Content starts

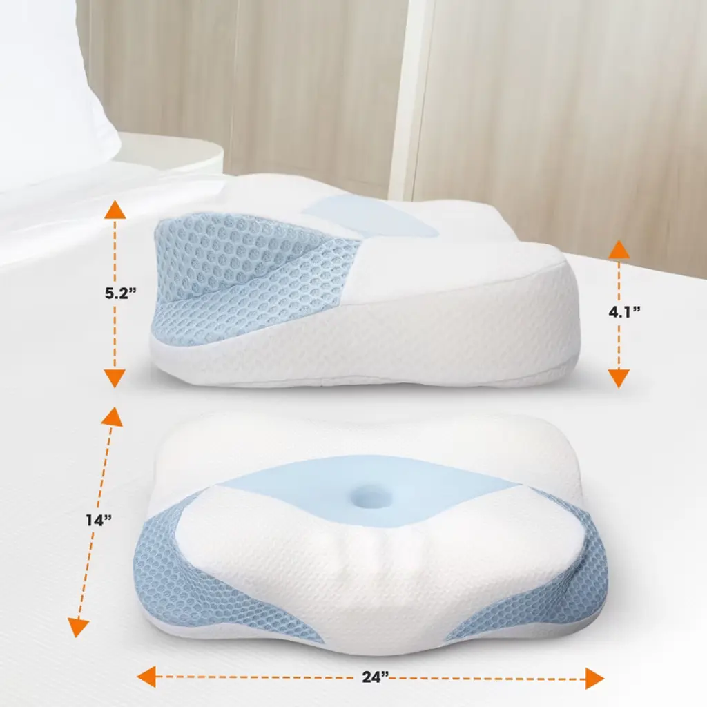Sleep deeper and wake up refreshed with the Cheer Collection Cervical Memory Foam Pillow, designed to support your neck and shoulders in perfect alignment. Measuring 24" x 14" x 5.2", this orthopedic contour pillow features a center cavity for head cradling and raised sides for shoulder support, making it ideal for back, side, and stomach sleepers. The premium memory foam adapts to your body shape while maintaining its structure night after night. Its breathable cover keeps you cool and dry, and the built-in zipper makes it easy to remove for machine washing. Whether you're improving posture, relieving pain, or simply upgrading your rest, this pillow offers the comfort and stability you need
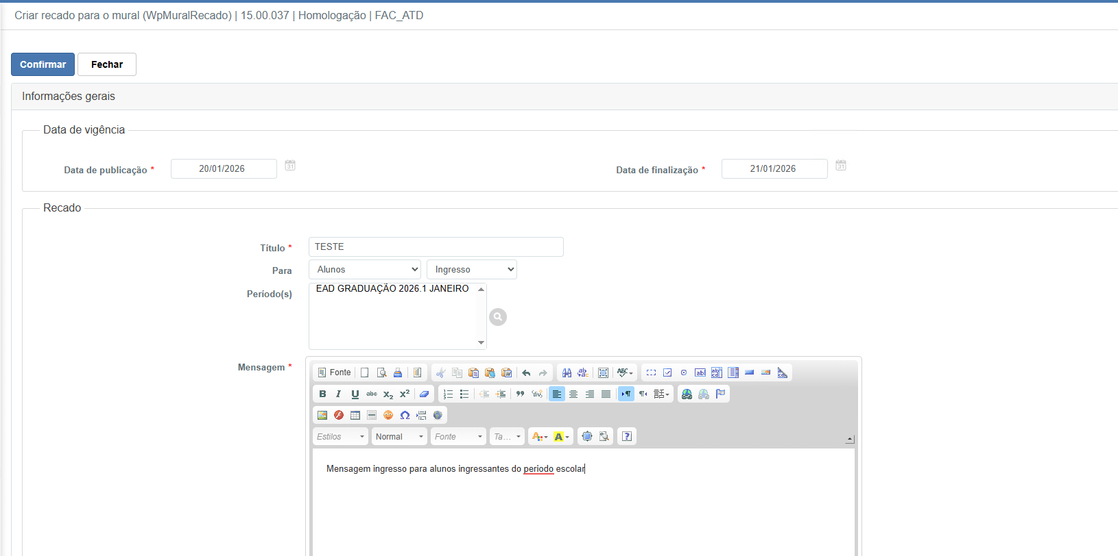 • Mensagem (*): Conteúdo do recado com opções de formatação.
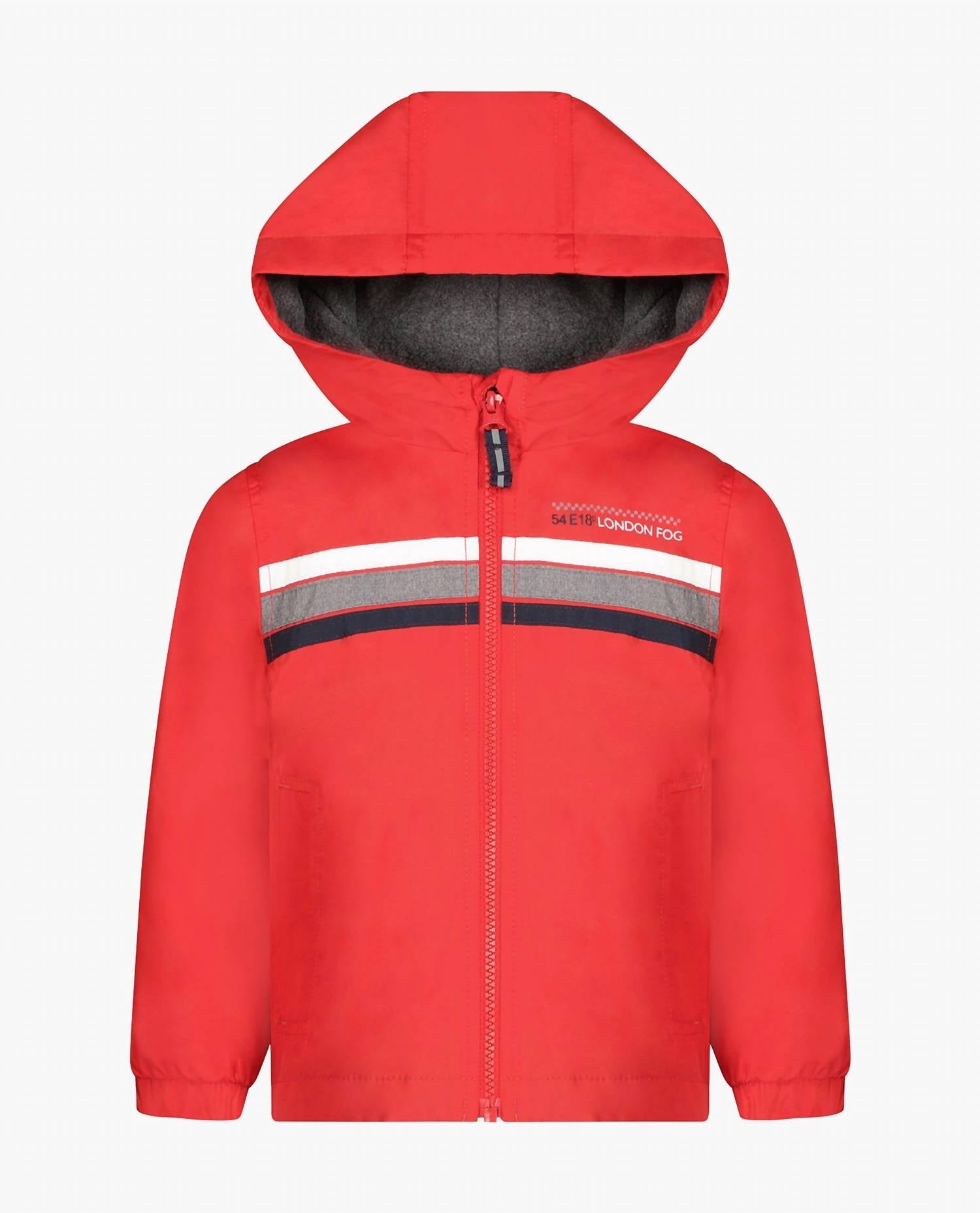 London Fog - Toddler Boys Zip Front Hooded Sporty Stripe Raincoat
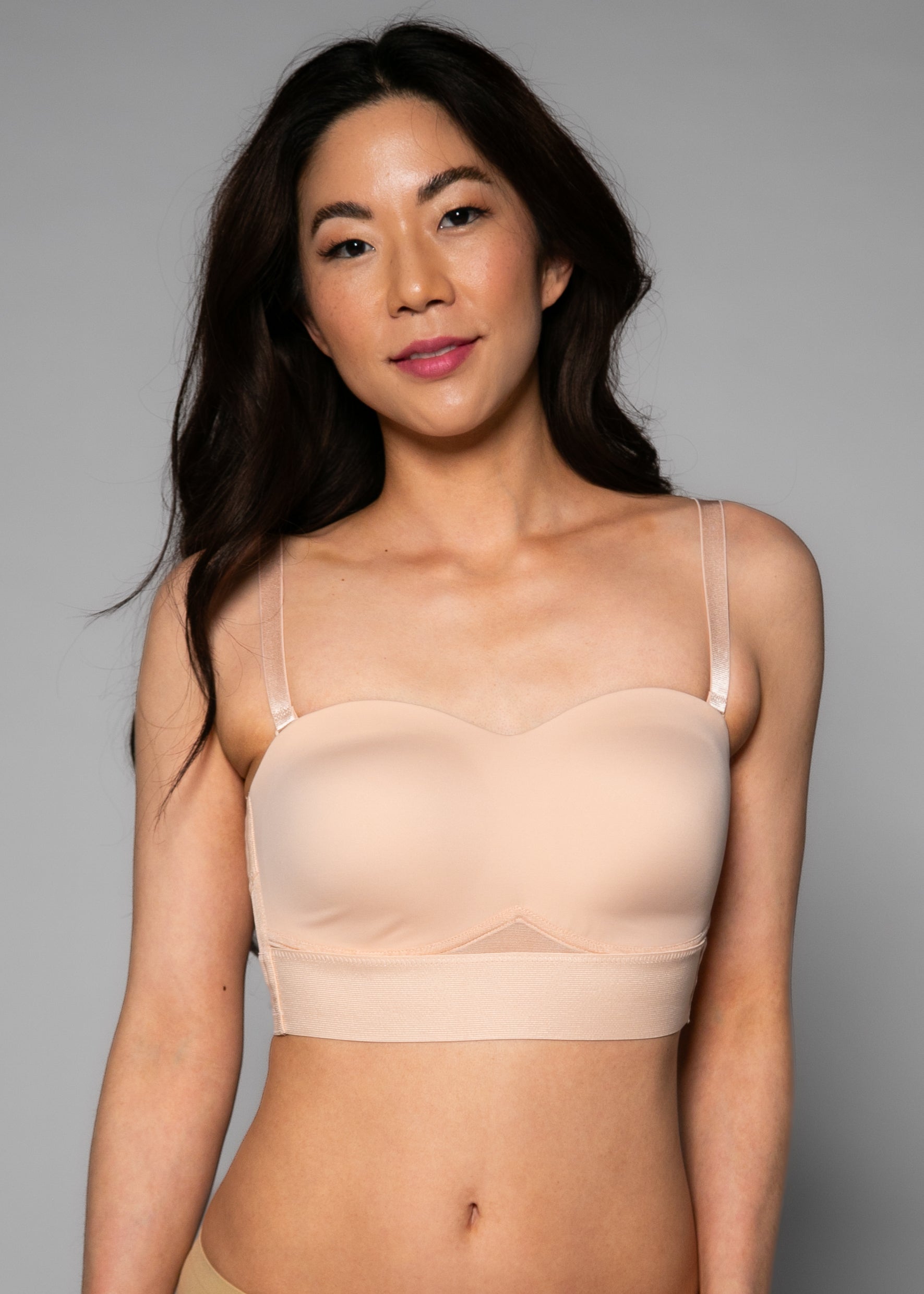 Shape, support, and comfort come together in this versatile wire-free bra from Rhonda Shear. Designed with flexible molded foam cups, this strapless bra helps define your curves while providing a smooth, supportive fit. The front padding and side boning help maintain structure and prevent collapsing, while the silicone-lined back elastic helps keep it securely in place. Wear it strapless with your favorite dresses and tops, or attach the removable straps for multiple styling options.

Content ends

- [WORK INSTRUCTION]: For this exercise, return exactly the lines above from the line with "opções de formatação." through the line with "London Fog - Toddler", both included. Do not copy the pictures.

- [EXERCISE RESULT]:
 • Mensagem (*): Conteúdo do recado com opções de formatação.
 London Fog - Toddler Boys Zip Front Hooded Sporty Stripe Raincoat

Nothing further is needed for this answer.